TASK ITEM>
Print every line from the start of the data, and when you reach the line with "Personalized Soccer kids", include it and stop. Pictures are not part of the copy.

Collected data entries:
[Start of section]

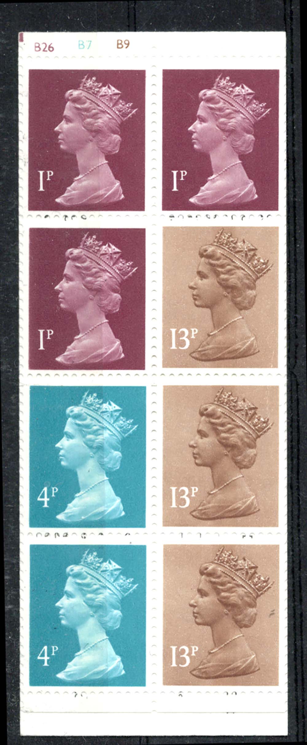 GB Booklets – Folded (good perfs) FB28 50p Orchids #2 cyl B26 B7(weak) B9 good perfs
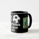 Personalized Soccer kids Mug. Soccer photo collage. This Soccer Team Photo Collage is perfect for remembering that special day for Kids, they will love it! Add 2 different photos and customize the player name, team name, year, and player number. Customize your mug now!
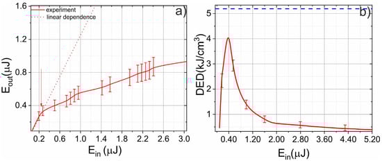 In the first series of experiments, we measured the plasma-generation threshold, absorbed energy, and deposited energy density (DED). We simultaneously monitored the input and transmitted energy while varying the laser pulse energy, as shown in Figure 2a. At low energies, there was no absorption, because the microplasma was not generated. When the laser pulse energy surpassed the threshold (~250 nJ), the dependence of the transmitted energy on the input energy deviated from linear because the microplasma started to absorb the laser pulse energy (see Figure 2a). We also calculated the DED for a wide range of laser pulse energies, as presented in Figure 2b. The DED was close to zero at energies lower than the threshold because there was no absorption. However, the DED began growing after surpassing the threshold. Initially, the absorbed energy increased faster than the plasma volume; however, by increasing the electron concentration and plasma volume, the microplasma “clamps” the intensity in the focal plane and the DED decreased [8]. The maximum DED was achieved at about 1.6 Eth (Eth is the plasma-formation threshold). At these energy levels, plasma defocusing was not a dominant process and we could efficiently deliver energy to the atomic subsystem from the electronic subsystem [11]. It is important to note that the DED was averaged over the whole microplasma volume and the peak values could be higher. However, the observed DED was lower than the threshold value of micromodification formation and no micromodifications were obtained afterward.
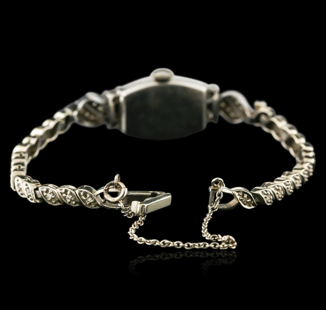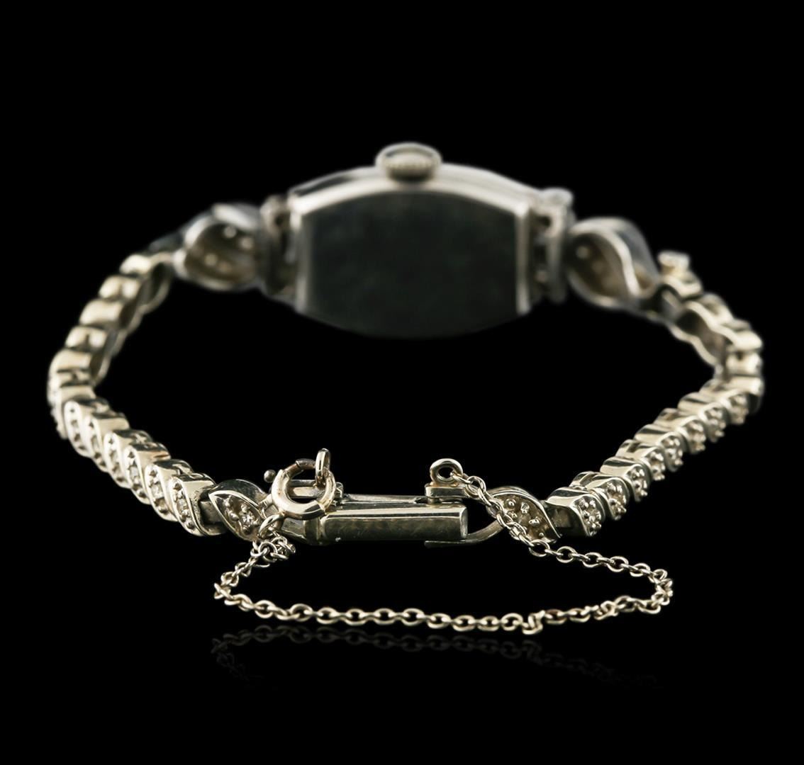 One ladies, vintage Hamilton wristwatch electronically tested Platinum, Case: 19 x 14mm, Case Back: space available for engraving, Rigid Case Lug terminals, Fixed Case Lugs: set with diamonds, Crown: scalloped edge, Bezel: diamond set, Crystal: acrylic. Hamilton USA Movement: 17 jewel mechanical stem wind, Hamilton Signed Dial: pointed hands, indices and numerals, 14KT White gold Bracelet: set throughout with diamonds, Condition: G- 4 Average. Six inch length, adjustable. Containing: Seventy, prong set single & round brilliant, and baguette cut diamonds, approximate total weight of 70 Stones = 1.15ct. Graded in the setting. Clarity: VS-1 to SI-1 Average. Color: H - I. Total Weight of Diamonds 1.15ct. Total Weight of Watch 21.86 grams. AIG Appraised.
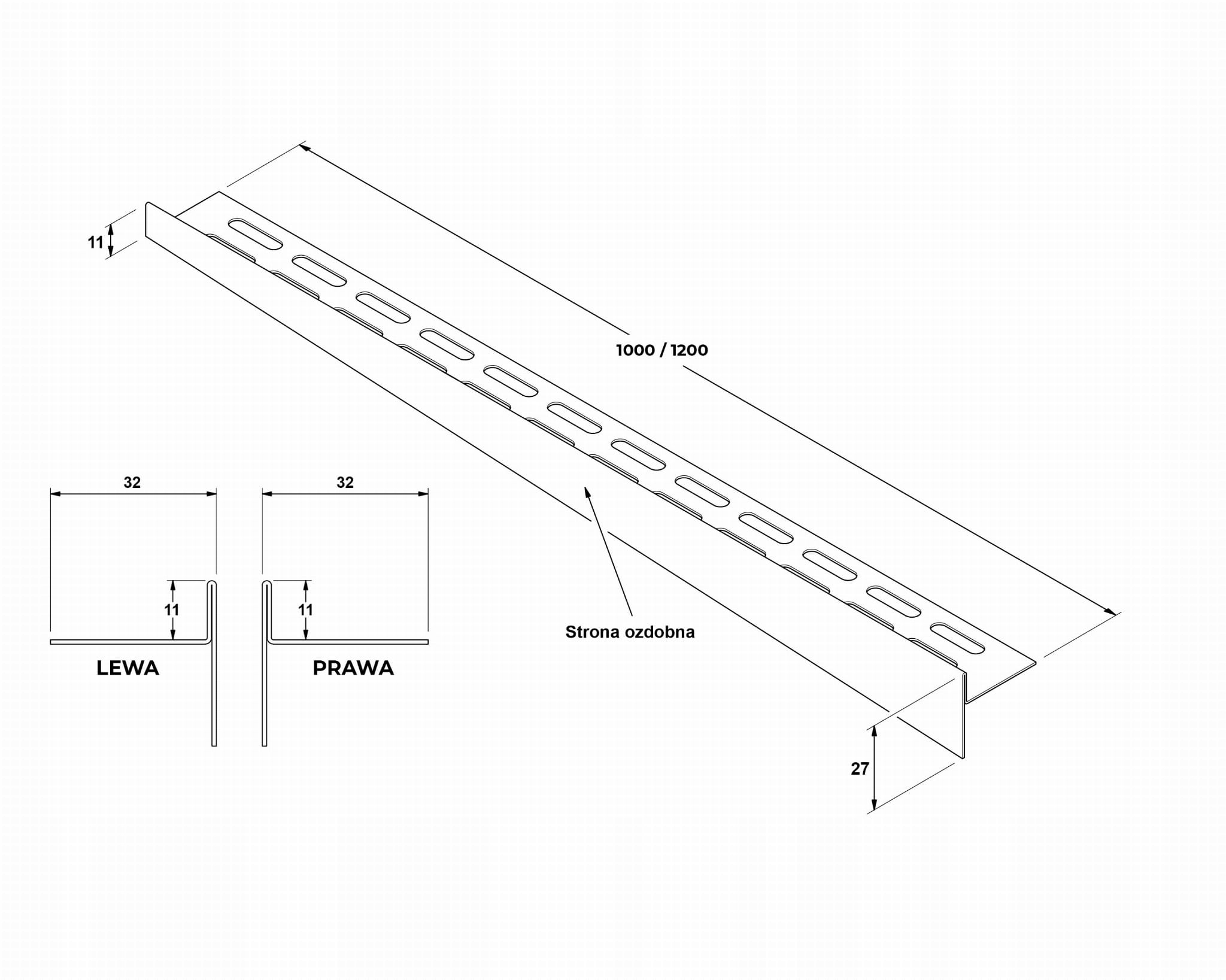 СТАЛЕВА НАПРАВЛЯЮЧА ДЛЯ 120 см НАХОЛОВ ПРАВ
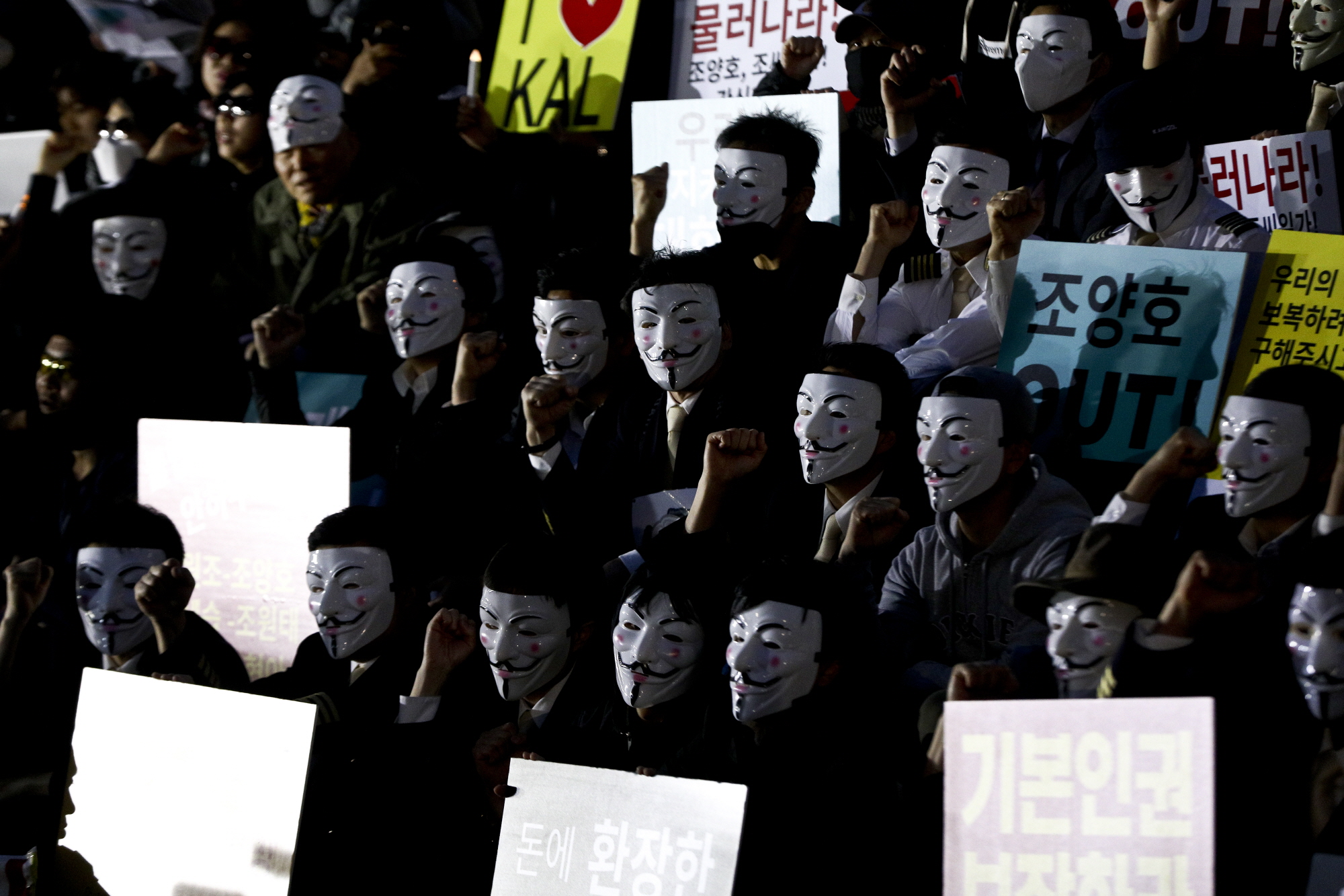 [서울=eoimage] 고성준 기자 = 대한항공 직원들과 시민들이 4일 저녁 서울 종로구 세종문화회관 계단에서 '조양호 일가 퇴진과 갑질근절을 위한 촛불집회'에 참석하고 있다. 2018.5.4

[End of section]

THE ANSWER>
 GB Booklets – Folded (good perfs) FB28 50p Orchids #2 cyl B26 B7(weak) B9 good perfs
 Personalized Soccer kids Mug. Soccer photo collage. This Soccer Team Photo Collage is perfect for remembering that special day for Kids, they will love it! Add 2 different photos and customize the player name, team name, year, and player number. Customize your mug now!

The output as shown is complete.